17. A lighting unit as set forth in claim 16 wherein a resistance is provided coupled between said control circuit diode and said one capacitor terminal for establishing a time delay precluding turn-off of said SCR from transients occurring during the glow to arc transition.
18. A lighting unit comprising: A. a dc power supply having two output terminals; B. a main arc lamp requiring energization dependent on its electrical state, and C. a filamentary lamp, D. an operating network comprising: (1) a step-up transformer having a primary winding, a secondary winding and a ferrite core, (2) a solid state switch connected between one of said output terminals and a first node, intermittently operated at an above sonic frequency, (3) a primary power circuit for operating said filamentary lamp comprising said primary winding and said filamentary lamp connected in series between said node and the other said supply output terminal, (4) a secondary power circuit for starting and operating said arc lamp comprising said secondary winding and said arc lamp connected in series between said first node and said othe supply output terminal, said secondary winding providing transformed potentials when said primary circuit is active for starting said arc lamp, and (5) switching means responsive to the state of said arc lamp for turning off said primary power circuit when the arc lamp is warmed up.
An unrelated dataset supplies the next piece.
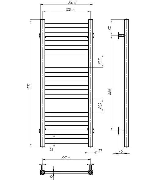 Електрична сушарка для рушників Deffi Magnus П12 300х800 ліве підключення JD04 хром A.MA.80.30.12.E.C.L.2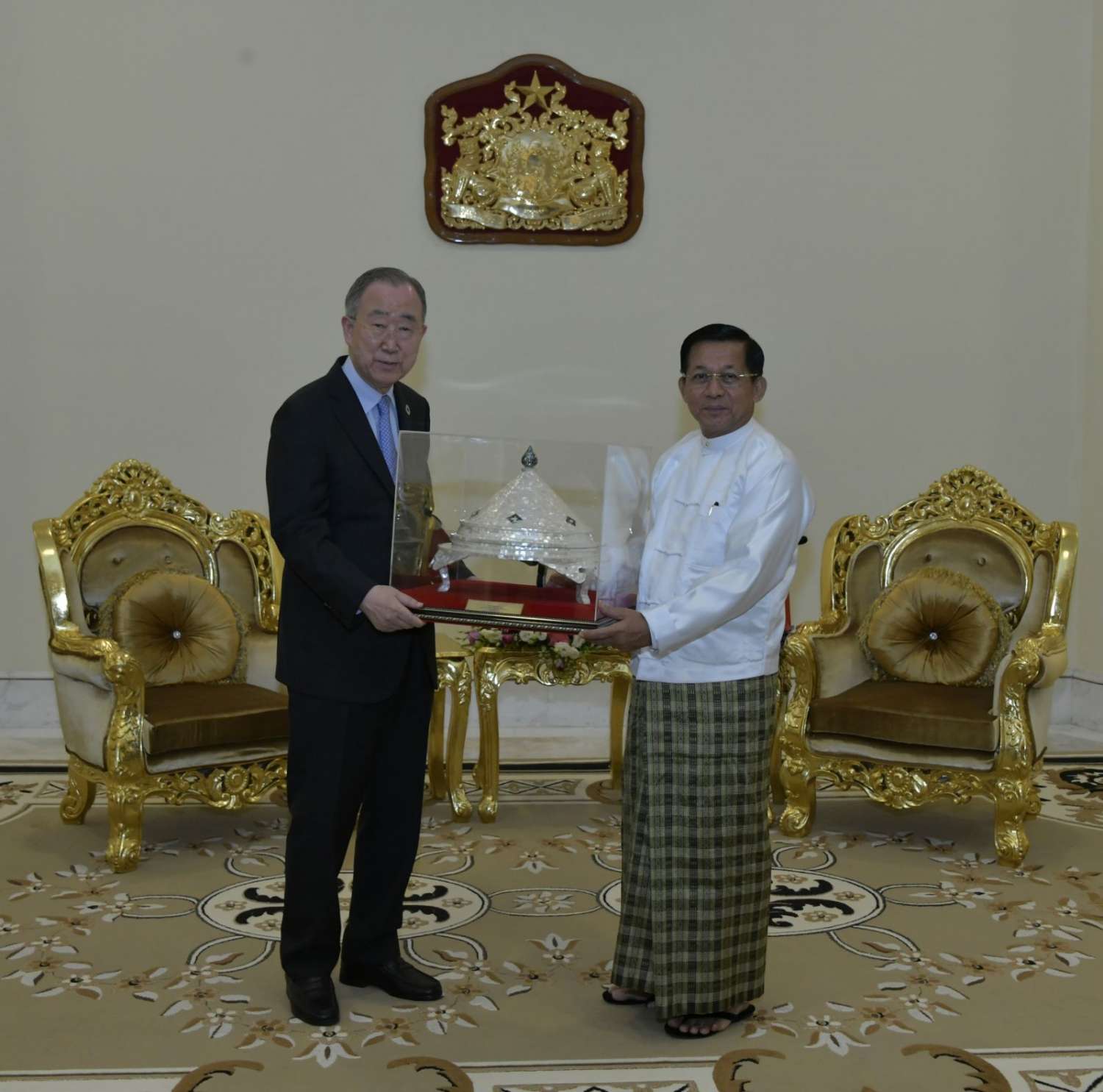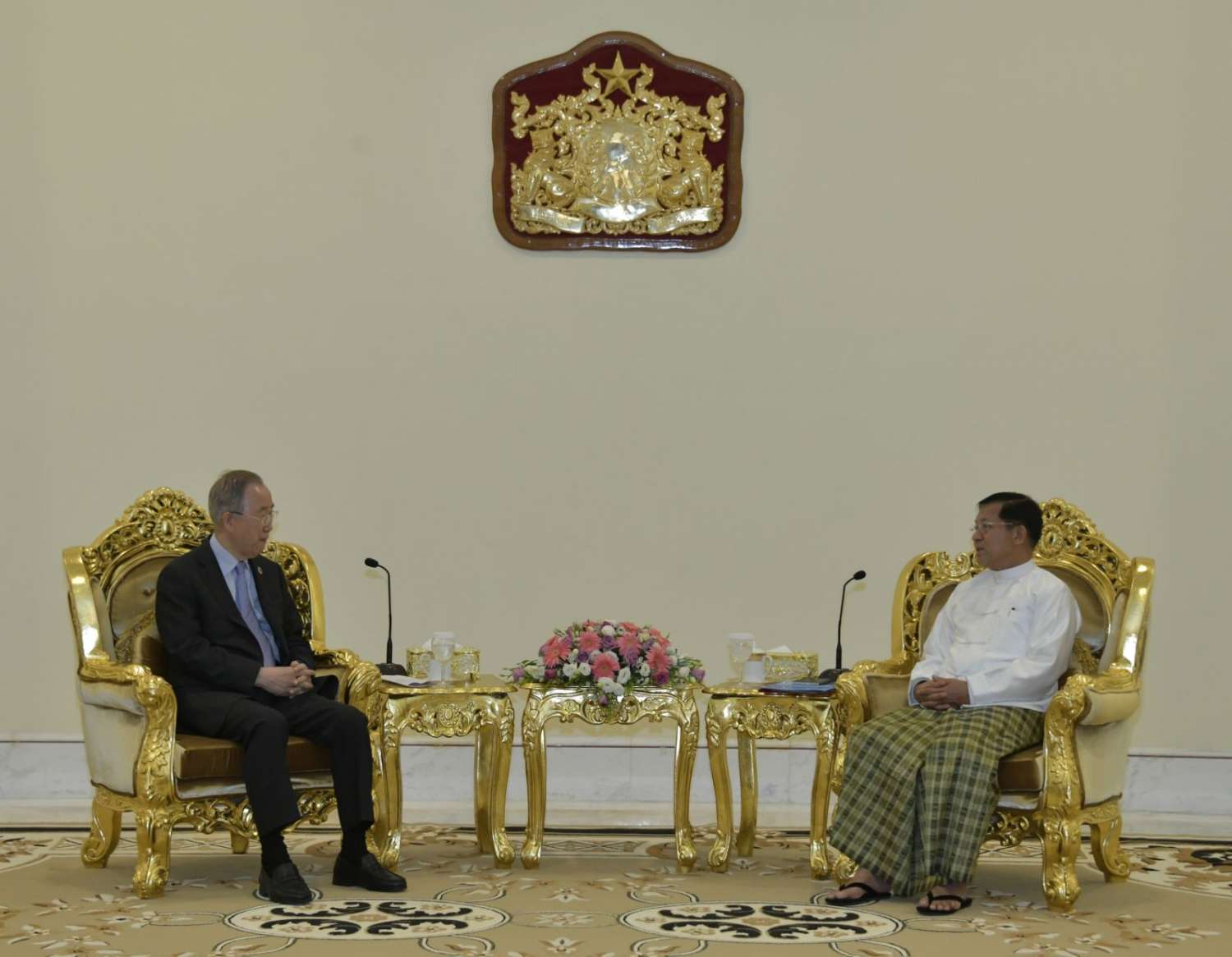 နိုင်ငံတော်စီမံအုပ်ချုပ်ရေးကောင်စီဥက္ကဋ္ဌ နိုင်ငံတော်ဝန်ကြီးချုပ် ဗိုလ်ချုပ်မှူးကြီးမင်းအောင်လှိုင်သည် The Elders အဖွဲ့ ဒုတိယဥက္ကဋ္ဌ၊ ကုလသမဂ္ဂအတွင်းရေးမှူးချုပ်ဟောင်း မစ္စတာဘန်ကီမွန်းအား ယနေ့နံနက်ပိုင်းတွင် နေပြည်တော်ရှိ နိုင်ငံတော်စီမံအုပ်ချုပ်ရေးကောင်စီဥက္ကဋ္ဌရုံး၊ ဧည့်ခန်းမ၌ လက်ခံတွေ့ဆုံသည်။

19. In a lighting unit having an incandescible filament and an arc lamp which are both to be energized from a dc source, the combination comprising: (a) a switching device, (b) means for controlling said device to turn it on and off during successive, alternate time periods, (c) a series conduit connectable across said dc source and including two serially connected portions, 1. a first portion including said switching device, 2. the second portion including first and second parallel paths, (d) said first parallel path including said filament, (e) said second parallel path including said arc lamp, and (f) means responsive to current flow through said first path during the on periods of said device for inducing high voltage pulses in said second path, thereby to aid in ignition of an arc within said lamp, said means (f) further including first and second inductively coupled windings serially connected respectively with said filament and arc lamp and forming series components respectively within said first and second parallel paths, the sense of said windings being such that increasing current flow from said dc source through said switching device, first winding and filament induces a voltage in said second winding with a first polarity tending to create anode-to-cathode current in the arc lamp.
20. The combination set forth in claim 19 further characterized in that current maintenance means are connected across the series combination of said first winding and said filament, whereby decrease of current through said first winding when said switching device turns off is constrained to a lower dI/dt so that the amplitude of any resulting voltage, of a second polarity opposite to said first polarity, induced in said second winding is lessened.
21. The combination set forth in claim 19 further characterized in that said first parallel path includes (g) a switch element in series with said first winding and said filament within said first parallel path, and (h) means responsive to current conduction in said second parallel path, when said arc lamp achieves warm-up and steady-run arc conduction, for holding said switch element off, thereby holding said filament deenergized.
22. The combination set forth in claim 19 further including (g) a third parallel path in parallel with said first and second paths, (g1) said third path comprising a unidirectionally conductive element poled to oppose conduction of current which flows from said dc source through said switching device when the latter is on, said element carrying flyback current of either or both the first or the second paths immediately after said switching device turns off.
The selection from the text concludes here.